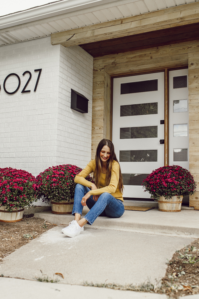 Love the door and the big and bold house numbers! You look so pretty and joyful. Hope the rest of the project goes well! 🙂
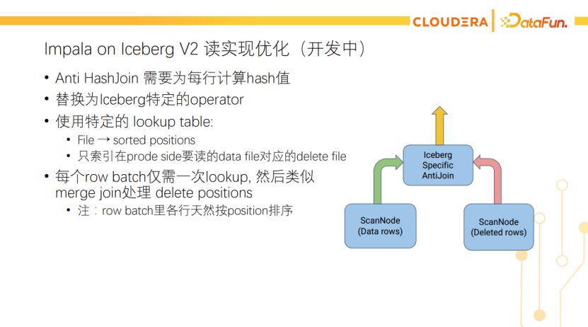 还有一个正在进行中的优化,就是将AntiJoin替换为Iceberg特定的operator,使用特定的lookup table,记录每个文件要删的行号集(有序)。这样每个RowBatch仅需一次lookup,因为ScanNode返回的RowBatch里的数据都属于同个文件,而且天然是按行号排序的。因此使用一次lookup就能知道是否有数据需要删除,有的话再和行号匹配即可。我们希望在4.3版本完成这一优化,具体可以关注IMPALA- 11619。
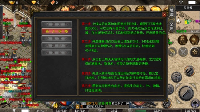1、第一步:游戏上线后,先在等待地图通过泡点升级到35级,期间可以顺便挑战等待地图里的BOSS,能获取不少货币;等达到35级后,点击传送功能前往土城,在土城坐标333:333的位置找到泡点升级的入口,开启随身泡点功能。

What this task involves: Every line above should be repeated exactly; pictures stay out of the copy.

Response box:
 Love the door and the big and bold house numbers! You look so pretty and joyful. Hope the rest of the project goes well! 🙂
 还有一个正在进行中的优化,就是将AntiJoin替换为Iceberg特定的operator,使用特定的lookup table,记录每个文件要删的行号集(有序)。这样每个RowBatch仅需一次lookup,因为ScanNode返回的RowBatch里的数据都属于同个文件,而且天然是按行号排序的。因此使用一次lookup就能知道是否有数据需要删除,有的话再和行号匹配即可。我们希望在4.3版本完成这一优化,具体可以关注IMPALA- 11619。
1、第一步:游戏上线后,先在等待地图通过泡点升级到35级,期间可以顺便挑战等待地图里的BOSS,能获取不少货币;等达到35级后,点击传送功能前往土城,在土城坐标333:333的位置找到泡点升级的入口,开启随身泡点功能。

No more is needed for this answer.